So the Catholic church has its warts. It has its moral failures. I think Catholics who believe the church is
never wrong are as mistaken as are the Protestant evangelicals who believe the
Bible is free from error.
My own move away from evangelicalism began as I left
an abusive cult group which was built around the ministry of an Indiana
evangelist, Rev. Loran Helm. The
leadership of this group took it upon itself to tell its constituents where
they should live, where they should go to college, and who they should marry,
based on supposed revelation from the Holy Spirit. I think they got more wrong than they got
right. I wrote about the ten years I
spent in this group in my book, THE WILDERNESS I LEFT BEHIND.
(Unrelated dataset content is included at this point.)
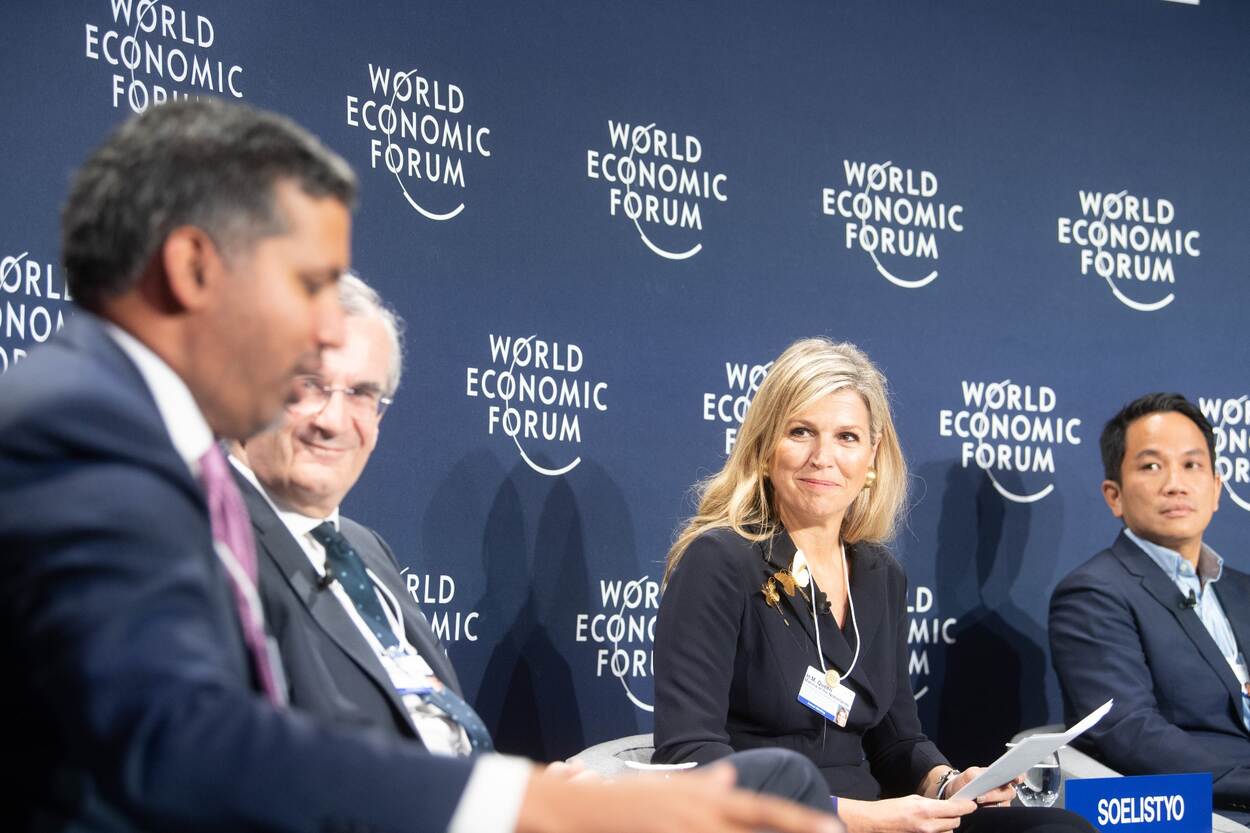 Koningin Máxima bezoekt het World Economic Forum (WEF). Zij doet dit in haar functie van speciale pleitbezorger van de secretaris-generaal van de Verenigde Naties voor inclusieve financiering voor ontwikkeling (UNSGSA).

Many of these marriages ended in divorce. In my case, I was told that I was not
suitable for marriage or to be a pastor because I have cerebral palsy. There were a number of young men the leaders
told they were called to the ministry, but not any of that actually worked
out. In the end, what was left was a
string of carnage.
I was eventually ordained by one of their churches
before I became a Quaker minister. I
remember the week before my wedding (I just asked my wife of 40 years to marry
me, and she said “Yes,” even though the leader told me I was not to ever get
married to anyone without his personal approval—and when I got married I got blacklisted)
I got in a lot of hot water, because I encouraged a young wife to separate from
her abusive husband. I still think I did
the right thing, but people told me I should have told her to submit and
endure.
That kind of thing, encouraging women to stay in
abusive marriages, was a common complaint against both MacArthur and
Dobson. In Dobson’s case, there was also
the complaint that his approach to discipline was one which gave a green light
to physical abuse by parents. In the group I was in, the teaching was to spank,
and to keep striking the child repeatedly until they repent for what they did.
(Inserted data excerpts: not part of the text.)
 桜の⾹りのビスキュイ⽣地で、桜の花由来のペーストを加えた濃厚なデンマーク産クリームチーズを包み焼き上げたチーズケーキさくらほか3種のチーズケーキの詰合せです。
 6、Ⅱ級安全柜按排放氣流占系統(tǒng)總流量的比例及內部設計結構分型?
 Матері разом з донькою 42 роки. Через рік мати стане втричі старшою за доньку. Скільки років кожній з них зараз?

Now, I want to say, nobody gets everything right, and maybe
nobody gets everything wrong. I have
become a liberal, social justice preacher and Christian, but I have no
illusions that progressive Christianity does not have its own faults.
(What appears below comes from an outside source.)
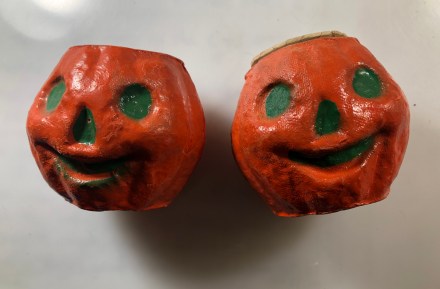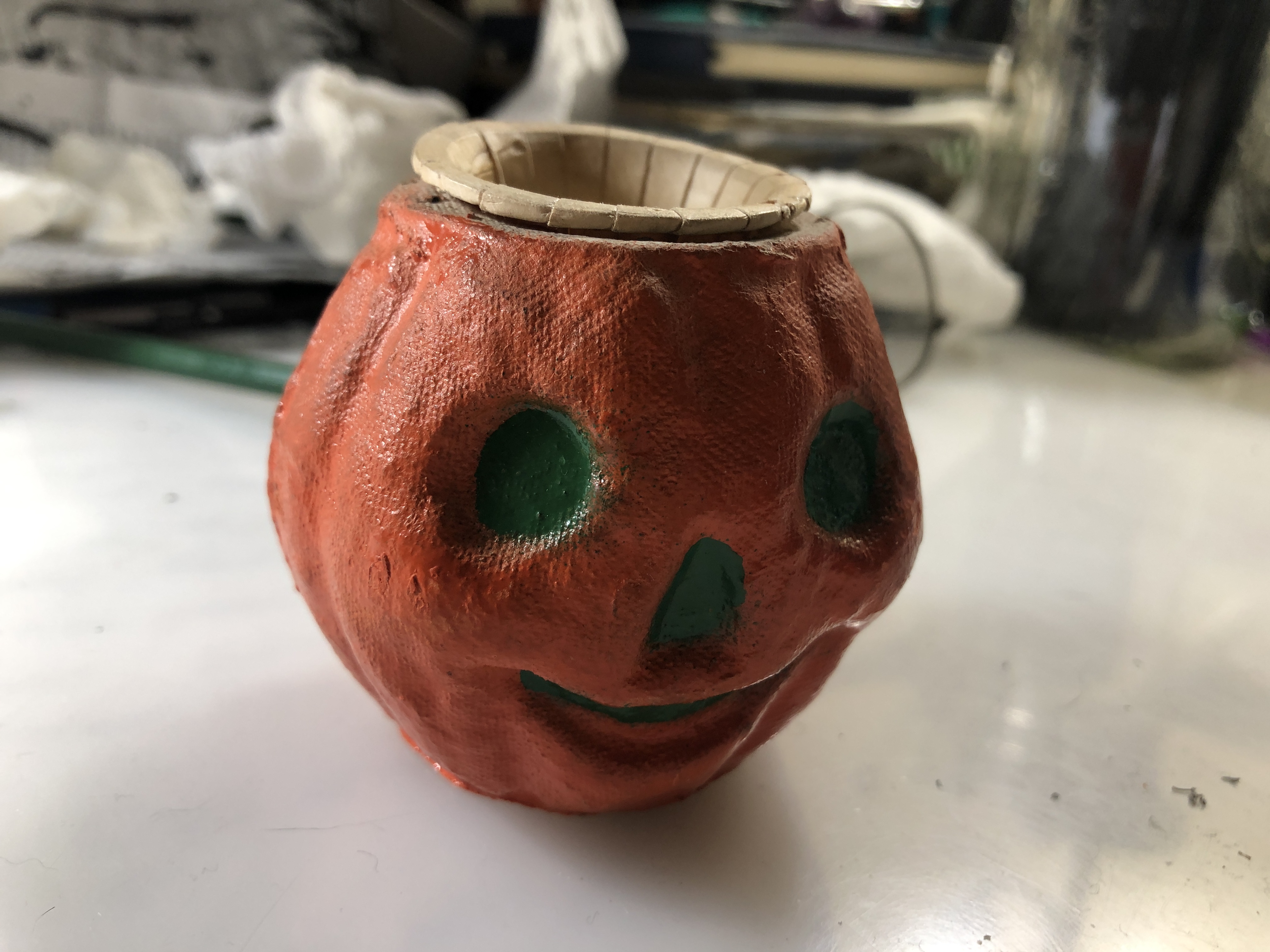 These candy containers are miniatures of the larger ones kids carried to collect candy in. Like my cat version below, they would have paper inserts for eyes. (A post about that acquisition can be found here.) Until recently I thought these were meant solely for decoration, but recently I have seen period photos of kids carrying them for candy filling purposes.

Having said that, I want to plant this seed for people
to consider. If these ministries, Helm,
Dobson, and MacArthur, were what they claimed to be, I do not believe they
would have left the aftermath of pain and abuse they did. I do not believe the spiritual wounds these
men inflicted on people would be there, if their ministries had been good fruit
from good trees.
The Second Isaiah said of the coming Messiah, that a bruised
wick he would not put out. I think that
the leaders I am describing here caused many more bruises than they healed, and
that is said. I called my book THE
WILDERNESS I LEFT BEHIND because Loran Helm, likening himself to John the
Baptist, called his memoir A VOICE IN THE WILDERNESS. It eventually dawned on me that he had led so
many people into a wilderness instead of out of one, and sadly, left them
there.
Again, none of us gets it all right, and none of us
gets it all wrong. But as I am reading, in light of the deaths of MacArthur and
Dobson, the painful accounts of those bruised, I cannot believe their work was
good fruit from a good tree, and I know much of the fruit of where I came from
was not.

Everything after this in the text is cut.